*Aim of the task*: All lines below starting at the one that holds "Třetí fotografie ze" and ending at the one that holds "Décédé à Liège (4000)" should be printed exactly, ends included. Pictures should not be printed, nor anything else.

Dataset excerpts
::::

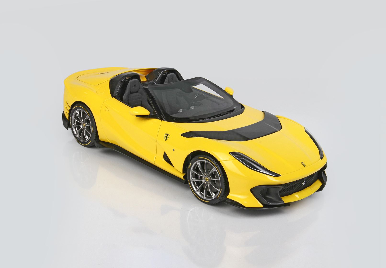 Fedele replica degli interni con speciale vernice tipo Alcantara e fedele replica delle parti in carbonio.
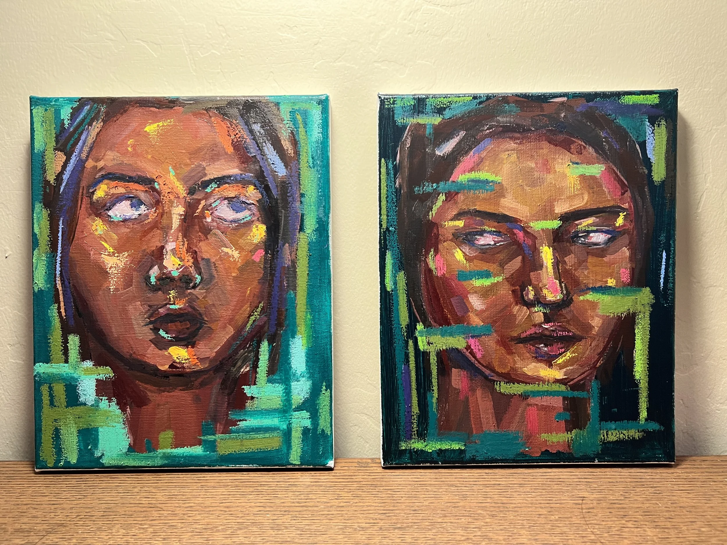 This happens to be the first time I’ve used oil paint, so learning how the opacity and translucence can affect the dimensions of a subject was especially difficult. I feel that may be another reason I chose to use faces, because a face is something I am extremely familiar with creating. I watched countless tutorials on YouTube and such, and decided this piece should use many contrasting colors to continue to convey that feeling of unknowing and uncertainty. I filled the left canvas with a lighter green tone and the right canvas with a darker green tone. I then sketched out both faces, the left one looking up with wide dreaming eyes filled with aspiration, and the other one sort of shying away giving the left one a judging side eye. I used a flat brush and avoided blending as much as I could to go for a textured and human feel. I filled in the darker tones for both paintings with a cool blue tone, and continued layering in warmer colors until they both looked like faces. I went back in with cool tones for the more deep parts of the face like the crevices of the nose, the jawline, and corners of the eyes. I used a light yellow to highlight the parts of the face that stick out like the tip of the lips, nose, forehead, and browbone. After the oil paint dried for about a day, I used oil pastels to create more texture around the eyes, highlights of the face, and hair. I also used pastels to add texture and feeling into the background, which were straight strokes of different shades of green. For the right piece, I put strokes of green through the face because I wanted it to portray a subconscious aura, something that is stuck in a way in someone’s thoughts. Throughout painting this piece, I painted both canvases at the same time because I know as I learn, my style and technique change throughout the piece. I wanted the two canvases to share as much of the same style as possible Since they are both the same work of art.
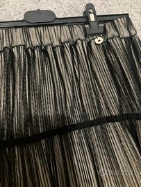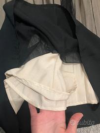 - Tessuto in tulle nero sovrapposto a un sottogonna beige.
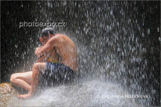 Třetí fotografie ze série čtyř snímků zamilovaného páru pod vodopádem Salto del Arco Iris nedaleko Soroy. Dvojice sedí stále na jednom místě, ale vodopád se horizontálně posunuje zprava doleva... Kuba
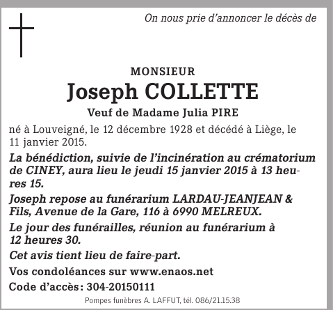 Décédé à Liège (4000) le dimanche 11 janvier 2015 à l'âge de 86 ans
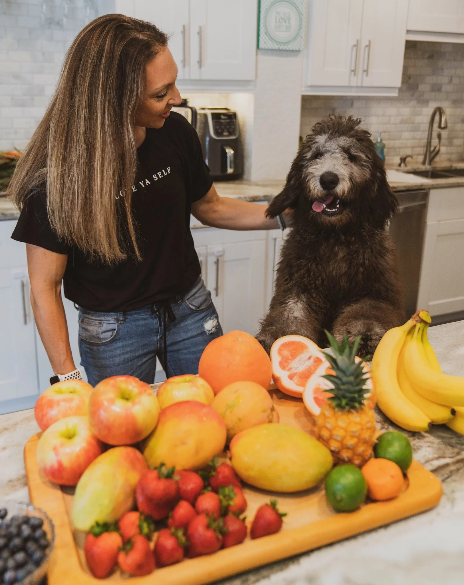 A woman and a large fluffy dog inside a kitchen, surrounded by a variety of fresh fruits including strawberries, apples, citrus, pineapple, bananas, and blueberries on a wooden cutting board.
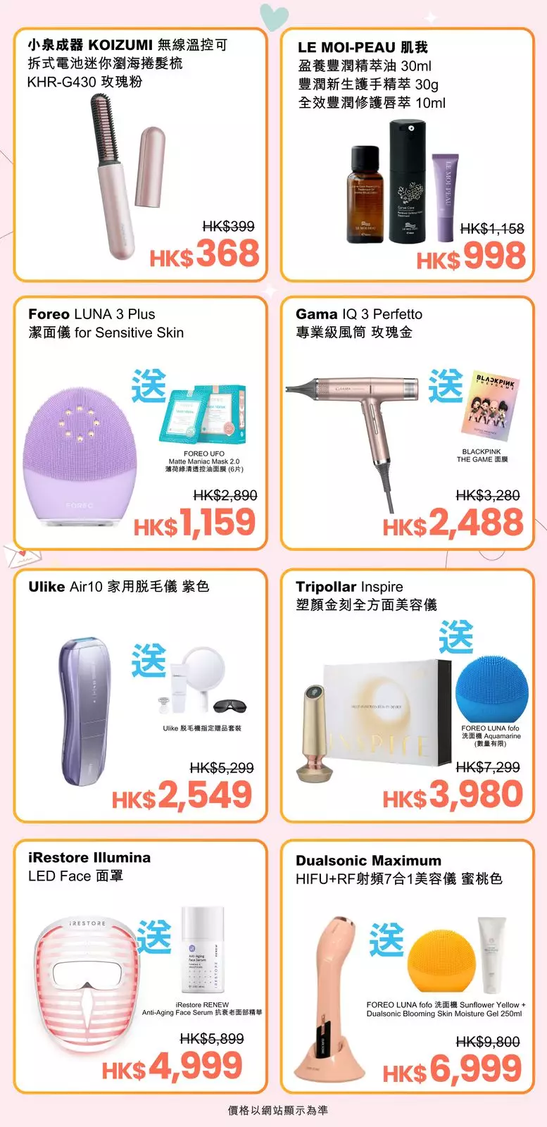 最後是「8大精選母親節優惠套裝低至4折」。J SELECT Beauty為是次活動準備了多款美容儀、護膚品、脱毛機及風筒等組合,例如購買人氣Tripollar或Dualsonic美容儀,會附送FOREO LUNA fofo洗面機;亦有港人創辦的Clean Beauty品牌LE MOI PEAU肌我套裝等,讓顧客以折扣價選購合心意的母親節禮物。
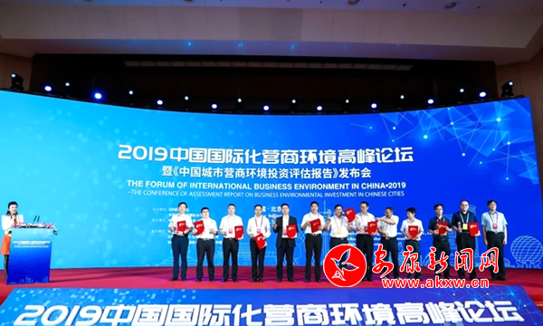 本網(wǎng)訊(通訊員 鄒亞康)7月2日,由《環(huán)球時(shí)報(bào)》社、中國(guó)民營(yíng)經(jīng)濟(jì)國(guó)際合作商會(huì)聯(lián)合主辦的2019年中國(guó)國(guó)際化營(yíng)商環(huán)境高峰論壇暨《中國(guó)城市營(yíng)商環(huán)境投資評(píng)估報(bào)告》發(fā)布會(huì)在北京舉行,安康市在會(huì)上被授予“中國(guó)營(yíng)商環(huán)境質(zhì)量十佳城市”稱(chēng)號(hào)。市長(zhǎng)趙俊民應(yīng)邀出席發(fā)布會(huì)并作推介。
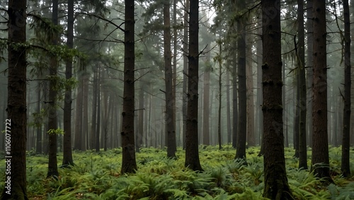 Obraz premium Forest with trees in the foreground and background.
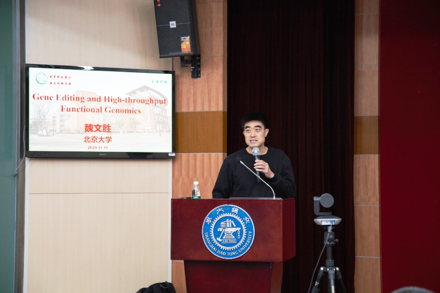 11月11日下午,北京大学魏文胜教授应邀做客求真讲坛,作题为《Gene Editing and High-throughput Functional Genomics》的主题报告。来自生命科学技术学院、系统院、药学院的教师、博士后、研究生等60余人参加了本次讲坛。由于疫情防控需要,本次讲坛线上线下同步开展,线上参会的师生为20余人。讲坛由生命科学技术学院副院长林双君教授主持。
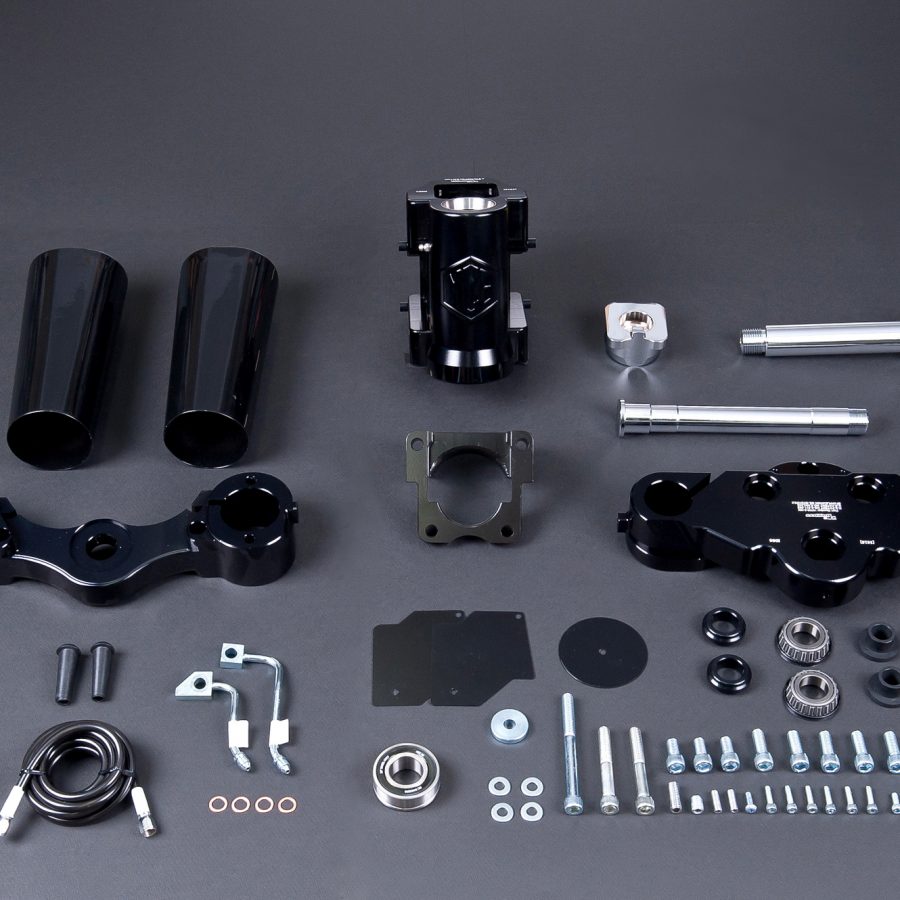 Steel Koreレーキキットは、ストックツーリングバイクと同じ安全基準を維持しながら、理想的なレーキ角とフロントフェンダーと下部トリプルツリーとの間の適切なクリアランスの両方を提供する3方向ボルトオンレーキキットです。最先端のデザインと最新の素材の組み合わせにより、市場のあらゆるレーキキットの中で最高の耐久性と最高のフレームアライメントが保証され、安全でスタイリッシュな乗り心地を自信を持って期待することができます。

::::

*Exercise result*:
 Třetí fotografie ze série čtyř snímků zamilovaného páru pod vodopádem Salto del Arco Iris nedaleko Soroy. Dvojice sedí stále na jednom místě, ale vodopád se horizontálně posunuje zprava doleva... Kuba
 Décédé à Liège (4000) le dimanche 11 janvier 2015 à l'âge de 86 ans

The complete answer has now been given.